A Kyrgyz lawyer who has helped thousands of stateless people gain citizenship has won this year's Nansen Refugee Award, the UN Refugee Agency (UNHCR) announced on October 2.
Azizbek Ashurov was named the winner of the $150,000 UN prize after Kyrgyzstan in July became the world's first country to end statelessness.
During the Soviet era, there were no internal borders, and people moved across Central Asia with only internally issued documents.
But after the dissolution of the Soviet Union in 1991, "many people became stranded across newly established borders, often with now-invalid Soviet passports or no means to prove where they were born," the UNHCR said in a statement.
This led to hundreds of thousands of people throughout the region, including in Kyrgyzstan, becoming stateless.
Statelessness affects millions throughout the world. It leads to political and economic marginalization, leaving people particularly vulnerable to exploitation and abuse, according to UNHCR.
Ashurov and his organization Ferghana Valley Lawyers Without Borders (FVLWB) have been offering free legal assistance to displaced, stateless, and undocumented people.
FVLWB has helped more than 10,000 people gain Kyrgyz nationality after they became stateless following the demise of the Soviet Union, the UN agency said.
FVLWB legal activists visited such groups in remote mountain areas and worked closely with Kyrgyz authorities.

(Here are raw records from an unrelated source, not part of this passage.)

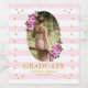 Pink Roses Striped Graduation Brunch Vinflaska Etikett
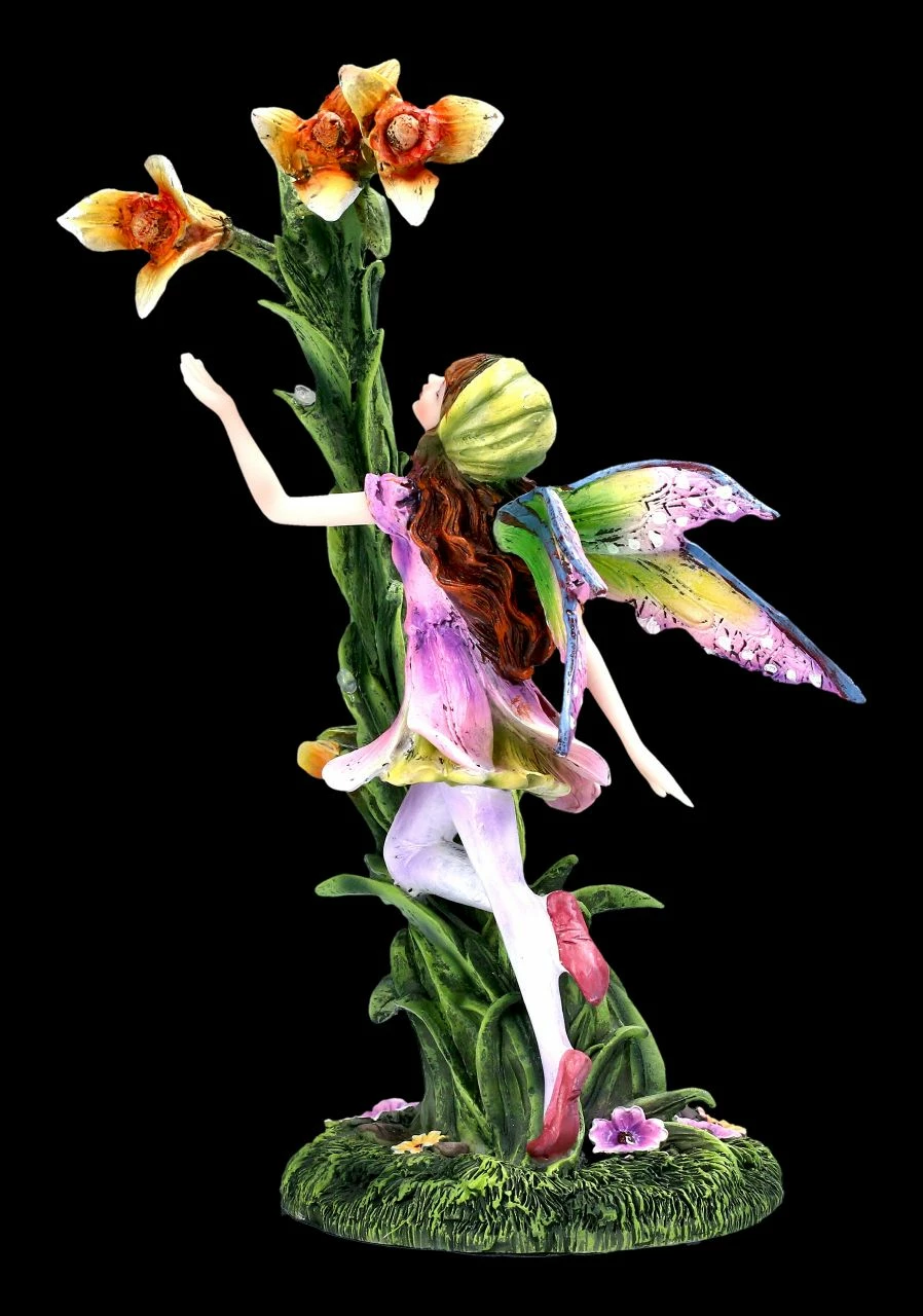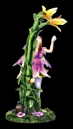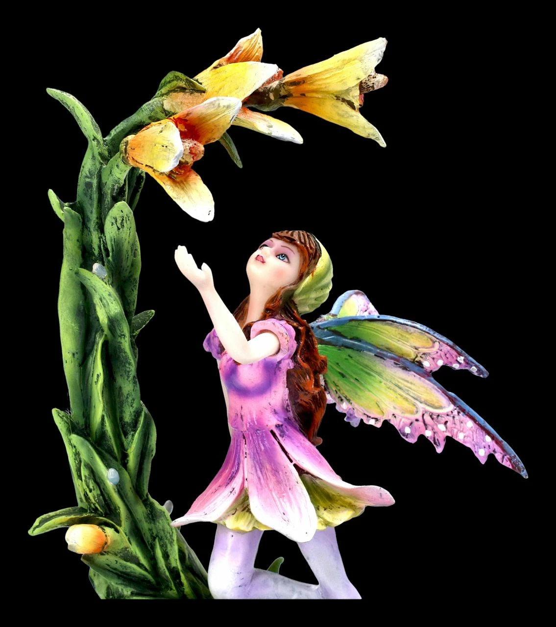 Na klar, natürlich lieben auch Elfenkinder Süßes! Ab und zu möchte auch eine kleine Elfe naschen und so stellt sich Beeny unter die schönen Blüten und sammelt mit ihren Händen den Nektar ein. Die niedliche Elfe aus liebevoll handbemaltem Kunststein (Polyresin) stützt sich mit einem Knie am Pflanzenstiel ab, um besser an die Blüten ranzukommen. Die hübschen Flügel der kleinen Elfe Beeny passen in ihren Grün- und Goldtönen mit pinkfarbenen Spitzen perfekt zu ihrem bunten Blütenkleid und den roten Schuhen und sind zum Stecken. Die Elfen-Figur ist 22 cm hoch, 15 cm breit und 14 cm tief und ein wirklich süßes Geschenk für alle Naschkatzen und Elfenfreunde.
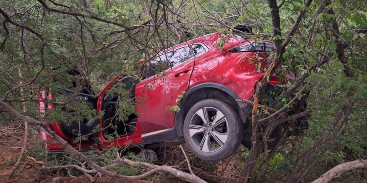 Tras la persecución por miembros de la Cuarta Brigada de Infantería del ejército de República Dominicana con asiento en Mao, el conductor de la Yipeta marca changai, color rojo, placa No. G630885, perdió el control deslizándose hacia los árboles.
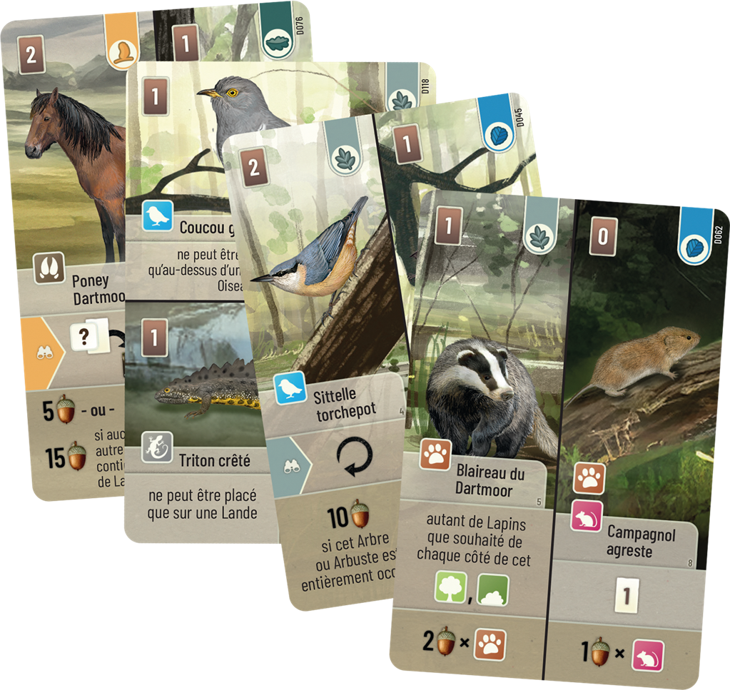 Forêt Mixte : Dartmoor vous fait voyager dans les collines brumeuses du sud-ouest de l’Angleterre pour créer un écosystème riche et harmonieux. Dans ce jeu de cartes stratégique, composez votre forêt en y ajoutant arbres, terrains et espèces locales, en respectant leurs besoins spécifiques et leurs préférences d’habitat. Chaque carte est une pièce du puzzle vivant que vous allez composer : certains animaux ont besoin d’un type de terrain spécifique (lande, rivière…), d’autres préfèrent être seuls ou entourés de leurs congénères. Mettez en place des synergies à effet immédiat ou persistant, profitez des bonus conditionnels et de la gestion de la clairière commune. Les cartes divisées en deux permettent un large éventail de choix. Avec ses 180 cartes finement illustrées, son matériel sans plastique et ses règles accessibles, Forêt Mixte : Dartmoor séduit les familles comme les amateurs de nature et de réflexion. Il s’agit d’un jeu indépendant de la gamme Forêt Mixte, idéal pour découvrir ou prolonger l’expérience.
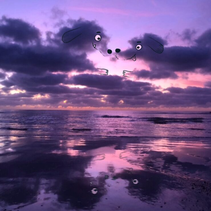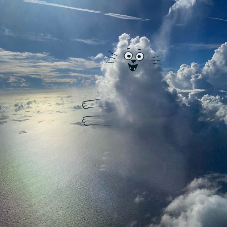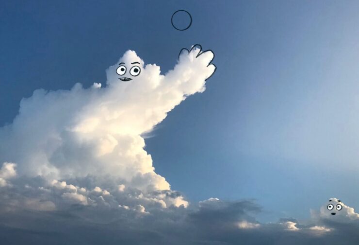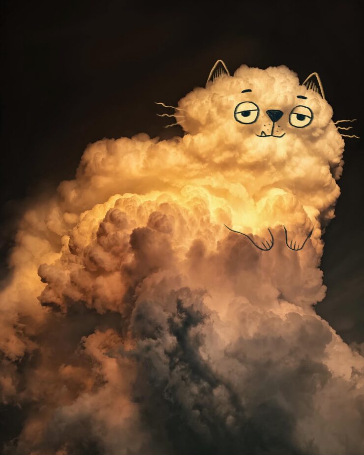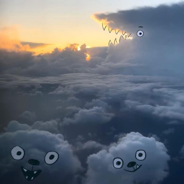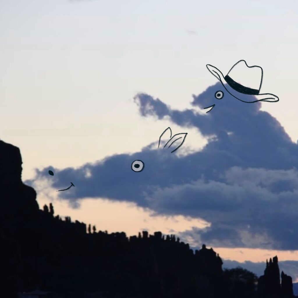 Nell’estate del 2020, durante le misure di confinamento per la pandemia di Covid-19, Chris, tra un’illustrazione e l’altra, una storia per l’infanzia e l’altra, si tratteneva parecchie ore in giardino in compagnia dei figlioletti e della moglie Cliona O’Flahertyalla, fotografa di professione. In tanta pace forzata ma intrisa d’inaspettata intimità familiare, la volta celeste e la sua osservazione di giorno e di notte, divennero complici di un’avventura singolare: con scrupolosa e gioiosa frequenza, egli iniziò a sfogliare con sguardo pensante l’immenso album di Cirri, Nembi, Strati… l’intero repertorio delle nubi insomma, rintracciando in ognuna nuova vita e nuove logiche che, per qualche segreto, abitano l’altrove. Da lì, l’idea di fotografarle e di intervenire graficamente sulle foto stesse per caratterizzare ciò che lui già aveva ravvisato: creature degli abissi e creature dell’aria, mostri benevoli, ciclopici faccioni, spettri gioviali che anziché incutere timore invitano al sorriso, e soprattutto simpatici animali, dai più domestici ai più selvatici.
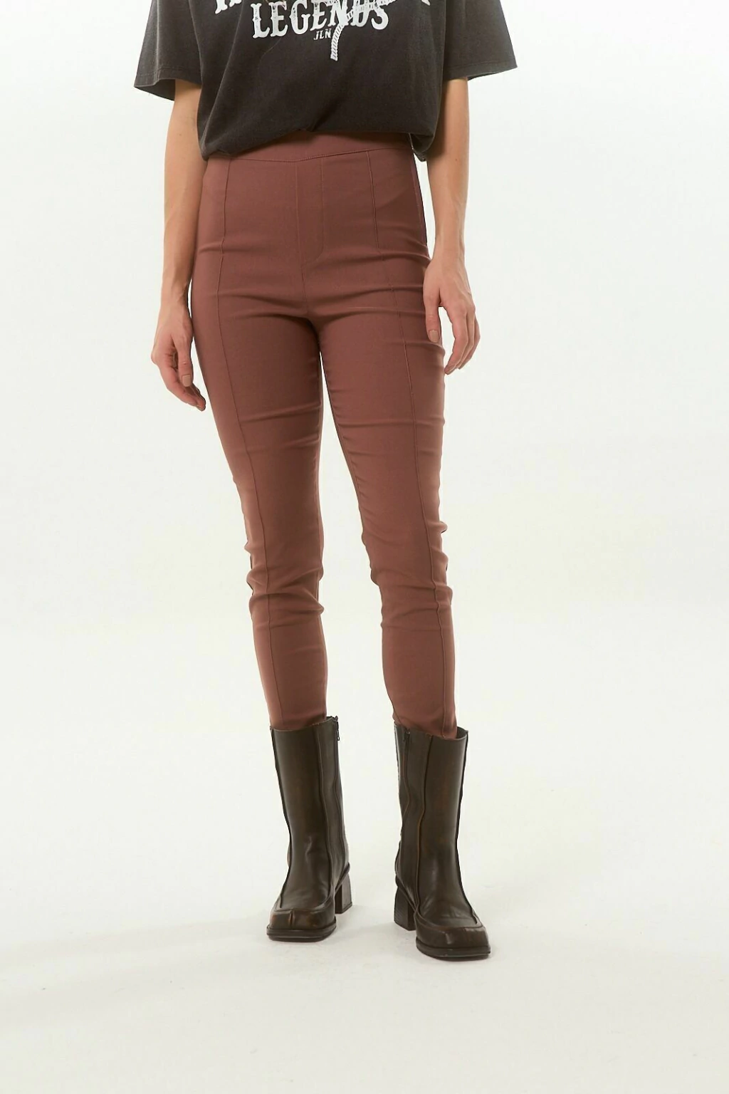 Legging básica de bengalina con alforza en el delantero, cintura cierre lateral y bolsillos ojal falsos en el trasero. 77% rayón - 20% nylon - 3% elastano
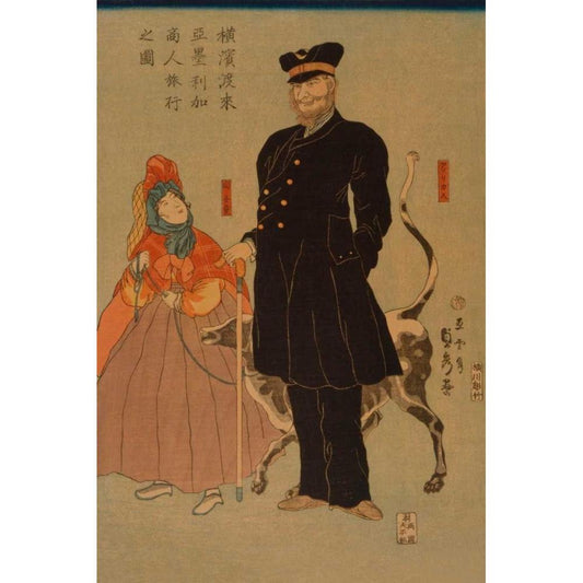 French girl taking walk with dog (Furansu komusume inu o hikite sampo no zu), 1860 White Modern Wood Framed Art Print by Utagawa, Sadahide
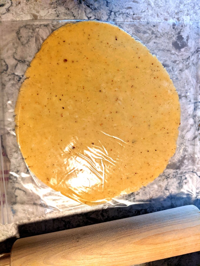 Once the dough is holdling together, it is shaped into a rough disk and put in the fridge to rest. You might notice some brown flecks in my dough and frangipane: I had a mixture of leftover ground hazelnuts and almonds from my first blog bake (!) that I wanted to use up since they have been sitting around for 6 months. The flecks are coming from the hazelnut skin.

"Our main method was to work with the government," Ashurov was quoted as saying by the UNHCR. "We managed to get their attention and make them our friends."
"I cannot stand still when I see an injustice," Ashurov said in the statement. "Statelessness is injustice."
"A stateless person is not recognized by any state," he said. "They are like ghosts. They exist physically, but they don't exist on paper."
Ashurov will receive his award at a ceremony in Geneva on October 7.
Ashurov was motivated by his own family's struggle to achieve Kyrgyz citizenship after arriving from Uzbekistan.
The Nansen award is named for Norwegian polar explorer Fridtjof Nansen, who served as the first high commissioner for refugees during the failed League of Nations in the interwar period.
Last year's winner was South Sudanese doctor Evan Atar Adaha, who runs an overcrowded hospital for refugees from Sudan's Blue Nile state.